İdlip’te artık mızrak çuvala sığmıyor

İdlip yükümlülüklerini yerine getirmeyen Erdoğan’ın blöfleri bir süredir tutmuyor ve “birlikte çalıştığımız dost unsurlar” olarak nitelediği cihatçılara kalkan oldukça Rusya ve müttefiklerini daha da ateşliyor

İdlip’te artık mızrak çuvala sığmıyor

Saray-AKP iktidarının 2011’den bu yana Suriye’de işlediği her suçtan bir örneğin topluca yer aldığı, ertelenmiş krizlerin düğümlendiği vilayettir İdlip. Sınırsız destek verilen cihatçılar da burada, mültecileştirilerek Batı’ya karşı koz olarak kullanılan siviller de. Cihatçılara kalkan edilen, ölümleri üzerinden siyaset yapılabilen askerler de burada.

Ama gelin önce başlığı açalım: İdlip’te neden mızrak çuvala sığmıyor?

AKP, 17 Eylül 2018 tarihli Soçi Mutabakatı kapsamında üzerine aldığı taahhütleri yerine getirmedi; Heyet-i Tahrir’uş Şam (HTŞ) ile kendi kontrolündeki grupları ayıramadı, temas hattını ağır silahlardan arındıramadı ve Halep-Şam (M5) ile Halep-Lazkiye (M4) otoyollarının açılmasını sağlayamadı. HTŞ, İdlip’in yüzde 90’ını kontrol etmeye, AKP destekli gruplarla birlikte Suriye ve Rus askerlerini hedef almaya devam etti. Böylece Rusya ve Suriye’nin operasyonları da kaçınılmaz hale geldi.

AKP’nin hamlesi ters tepti

Rusya’nın hava desteğiyle 24 Ocak’ta operasyonlara başlayan Suriye ordusu ve müttefikleri, dört gün sonra “cihatçıların kalesi” Maarat el-Numan’ı alınca AKP de İdlip’teki cihatçıları kurtarmak için üç hamle yaptı.

İlki; İdlip’i büyük ölçüde kontrol eden HTŞ ile AKP destekli cihatçı gruplar arasındaki ihtilafların giderilmesi oldu. HTŞ, Afrin ve “Fırat Kalkanı” bölgesindeki cihatçıların, İdlip’teki çatışmalara dahil olmasını engellediği yönündeki haberleri 29 Ocak’ta yalanladı ve sonrasında AKP destekli cihatçıların çatışmalara dahli arttı. MİT’in bu konuda arabuluculuk üstlenmiş olması muhtemel. Ayrıca devam eden süreçte Suriye ordusuna yönelik tanksavar, roket ve topçu saldırılarının artması da cihatçılara mühimmat sevkıyatına işaret ediyor.

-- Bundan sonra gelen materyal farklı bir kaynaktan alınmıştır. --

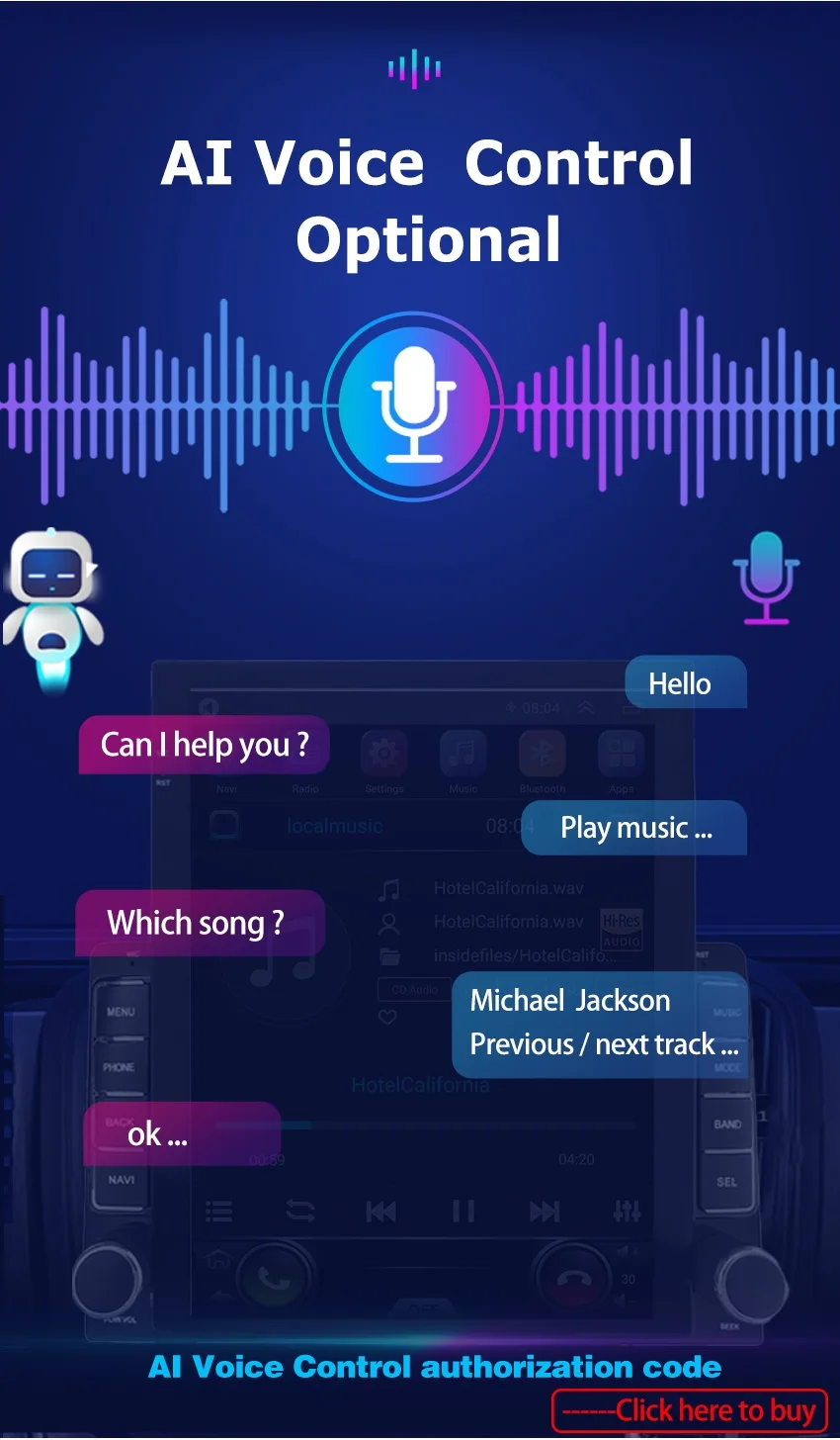 هذا هو التحكم الصوتي AI للوظيفة الرئيسية لراديو السيارة، ويدعم اللغات: الإنجليزية، الروسية، الفرنسية، الألمانية، الإيطالية، الإسبانية، البرتغالية، العربية. الوظيفة اختيارية، إذا كنت بحاجة إليها، يرجى النقر هنا للشراء.

İkincisi; 28 Ocak’ta Milli Savunma Bakanlığı, İdlip’teki TSK gözlem noktalarına yönelik girişimlere karşılık verileceğini açıkladı ve bunu takiben bölgeye tanklar, obüsler, zırhlı araçlar ve personel taşıyıcılardan oluşan en az 320 araçlık büyük bir sevkıyat yapıldı. TSK, Maarat el-Numan’dan sonra Serakib’e ilerleyen Suriye ordusunu durdurmak için bu kentin çevresine dört yeni gözlem noktası kurdu. Serakib, Halep-Lazkiye (M4) ve Halep-Şam (M5) otoyollarının kavşağında bulunduğu için stratejik öneme sahip.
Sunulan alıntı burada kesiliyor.